Counting on a sequence

1 Counting on a sequence

In this section, we compute proportions of words on a sequence, from file in specific format lambda.seq, generate randomly a new sequence given these proportions, and compute the likelihood of models on both sequences.
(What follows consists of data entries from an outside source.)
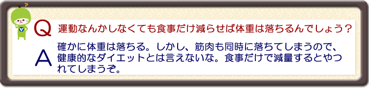 | このように、ダイエットに適度な運動を組み合わせると、脂肪といういらないものだけを落とすことが可能じゃよ。 |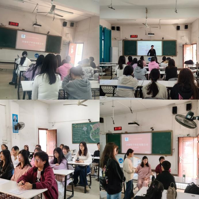 2025年3月24日,东莞市沣瑞电子科技有限公司在44118太阳成城集团外国语学院成功举办了专场招聘会。此次专场招聘会吸引了众多外国语学院应届毕业生及在校学生的积极参与,现场气氛热烈。公司代表程鑫先生作为主讲人,为同学们带来了一场内容丰富、生动详实的宣讲,详细介绍了公司的发展历程、企业文化、招聘岗位及未来发展方向,为在场的同学们描绘了一幅充满机遇的职业蓝图。
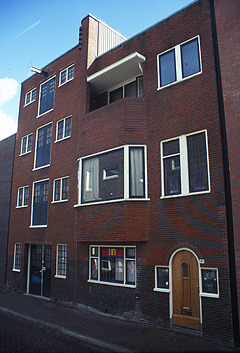In tegenstelling tot het horizontaal gelede woonhuis, is het pakhuis verticaal gericht. Het woonhuis telt drie bouwlagen, waarbij de begane grond vrij gesloten is gehouden. De eerste verdieping daarentegen heeft een groot horizontaal raam. Bij de overgang naar het pakhuis heeft de architect gekozen voor een halfronde vorm die de beƫindiging aangeeft van het woonhuis. Deze vorm is op de tweede verdieping doorgezet in metselwerk en steekt uit boven de daklijst. Dit punt markeert de twee funkties van het complex. Op de tweede verdieping is een loggia aangebracht.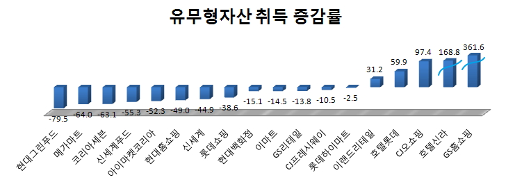 특히 대형마트 영업규제와 골목상권 규제로 타격을 받은 식자재유통 업체와 대형마트, 편의점 11개사는 유무형자산 취득액이 일제히 감소했다.
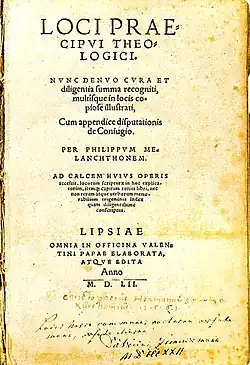 В 1521 году Меланхтон написал своё самое важное произведение — Loci communes. Оно представляет собой богословский учебник лютеранской церкви. Издания этого учебника можно разделить на три периода. Первый период — с 1521 по 1535 год. Эти издания содержат сформулированное и собранное в одном месте богословие Лютера. Они содержат в себе ограниченное краткое раскрытие основных вопросов антропологии и сотериологии. Это издание было основано на лекциях на послание к Римлянам и имеет больше практическую, чем богословскую цель. Второй период — с 1535 по 1544 год. Издание 1535 года, которое было посвящено английскому королю Генриху VIII, представляет собой тщательный пересмотр первоначальной версии труда. Третий период — с 1544 по 1559 год. Издания двух последних периодов содержат, помимо добавления материала и улучшения стиля, важные изменения в некоторых вопросах, таких как предопределение, свобода воли, телесное присутствие Христа в евхаристии и оправдание верой. Так, в них Меланхтон отказывается от детерминизма в пользу синергизма в вопросе спасения, от идеи телесного присутствия Христа в пользу присутствия духовного и от крайностей антиномизма в вопросе оправдания одной лишь верой. Последнее издание книги представляет собой труд, разделённый на 24 главы, в котором по порядку освещаются все традиционные темы христианства от сотворения до телесного воскресения. Заключительная глава посвящена христианской свободе. В этом издании Меланхтон использует схоластические методы доказательства, опираясь, кроме Писания, на труды отцов церкви[14].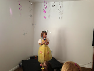 Dave built a stage for me the day before and I covered it with black. It turned out so so good!!! We also came up with a play list and had a microphone so the girls could sing there little hearts out!

From a sequence, we count the 3-length words.

import sequence
s=sequence.Sequence(fic="lambda.seq")
import compte
c=compte.Compte()
c.add_seq(s,3)
print c
print c.pref(2)
float(c['ag'])/c['a']

Afterwards, we compute the proportions of letters, given the letter before. We call them 1|1-proportions.
```
p=compte.Proportion()
p.read_Compte(c,lprior=1,lpost=1)
print p
```
Compare the value for "word" A|G with the rate computed before.
The end symbol ^ is not relevant for sequence generation, so we remove it.
```
p.read_Compte(c.rstrip(),lprior=1,lpost=1)
print p
```
We generate a 10000 letters sequence, given these 1|1-proportions.
```
s2=sequence.Sequence()
s2.read_prop(p,long=10000)
print s2[:10]
```

Let's check the 1|1-proportions in s2

c2=compte.Compte()
c2.add_seq(s2,2)
p2=compte.Proportion()
p2.read_Compte(c2.rstrip(),lprior=1,lpost=1)
print p2

We translate proportion p into a Lexique.
```
import lexique
lx=lexique.Lexique()
lx.read_prop(p)
print lx
```
This rather intricate syntax of Lexique is explained in the descriptors part, and the use of it is detailed in this tutorial part.
We compute the mean log-likelihood of the markovian model constructed by p, on both sequences.
```
lx.prediction(s)/len(s)
lx.prediction(s2)/len(s2)
```
Both are very close.

Be careful about the beginning of the sequence. In the next example, a -100000 penalty is due to the lacking proportion for the beginning of the sequence, and the right command to avoid this problem.

q=compte.Proportion()
q.read_Compte(c.strip(),lprior=1,lpost=1)
print q        # character ^ has been removed
lx.read_prop(q)
lx.prediction(s)
lx.prediction(s,deb=1)   
lx.prediction(s,deb=1)/(len(s)-1)

And with longer priors:

p3=compte.Proportion()
p3.read_Compte(c.rstrip(),lprior=2,lpost=1)
print p3
lx2=lexique.Lexique()
lx2.read_prop(p3)
lx2.prediction(s)/len(s)
lx2.prediction(s2)/len(s2)
lx2.prediction(s,deb=2)/(len(s)-2)
lx2.prediction(s2,deb=2)/(len(s2)-2)

Both log-likelihoods are less close than before.